A couple years? I heard him but I couldn’t believe it. I could barely interpret those words and have them make any sort of sense. I tried to ask about it, but by then Seth had retrieved the next method of my humiliation. Like the diaper before it, he held the baby leash for me to see before he fixed it to my body. It was a series of pink strips. They wrapped over my shoulders, around my waist, and between my legs.

In my weakened condition, Seth had no problem getting it on me. Once he was satisfied with the final click, the one that connected the latches at the small of my back, he gave a little tug and headed for the door. I watched him go, seething, and part of me wanted to simply refuse.

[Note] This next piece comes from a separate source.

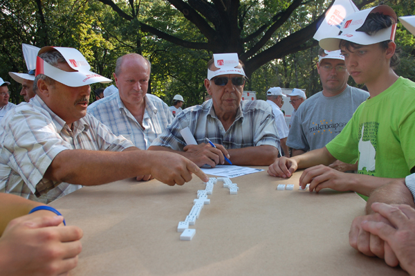Игра также начинается с самого маленького дубля, но теперь победитель записывает очки себе. Он подсчитывает сумму оставшихся цифр на руках у проигравших, если она больше двадцати пяти, то можно записать.
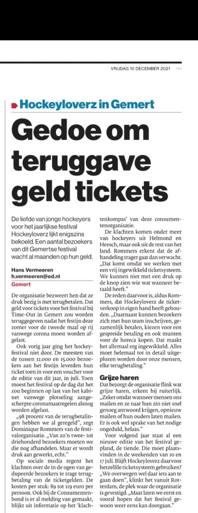 Vandaag in de krant aandacht voor het tot twee maal toe afgelaste Hockeyloverz in Gemert.

But I thought of the various ways they could punish me. If not for those pictures, I might have had a chance. But they had files of me naked and diapered, and I couldn’t tolerate that. Maybe if I could get out of there and find help, then I could have some leverage too, but until then I had to behave, no matter how frustrated or powerless I felt.

I hopped onto the floor, only something happened. At first, I couldn’t explain it. I slipped off the changing table and tried to straighten out my body into a standing position. But I couldn’t. For some reason, I couldn’t stand up straight which threw off my balance. I stumbled down and threw out my hands—each one still encased in the fabric sleeves. Before I knew it, I found myself on my hands and knees.

Seth paused at the door and turned around, “Oh, do you feel like crawling?”
“What’s going on?” My voice quivered as hints of hot blush colored my skin.
“Nothing sweetie. But that sleeper will help you learn to crawl.”
“Crawl? I am not going to crawl?”

“Let’s see if you say the same thing in a minute,” he said and gave another pull on my leash. The straps pulled against my shoulders, waist, and diaper. The diaper was the worst part; I didn’t want or need a reminder of how I wore it.

With no other choice, I crawled behind Seth. Every few steps, he made sure to pause and glance back. Then he’d give my leash another tug, and I hurried after him. We made our way back to the living room.

Kayla was on the couch with her laptop. She peeked from behind the screen and giggled. “Oh my God! She looks so cute!”

“What did I say? She’d look perfect in the sleeper.”

“Absolutely,” he told her. “And it makes her even more infantile. She gets to crawl and waddle about, but she won’t be able to walk as long as she’s in her sleeper. Isn’t that right?” Just to rub in my new humiliation a bit more, Seth pinched my cheek.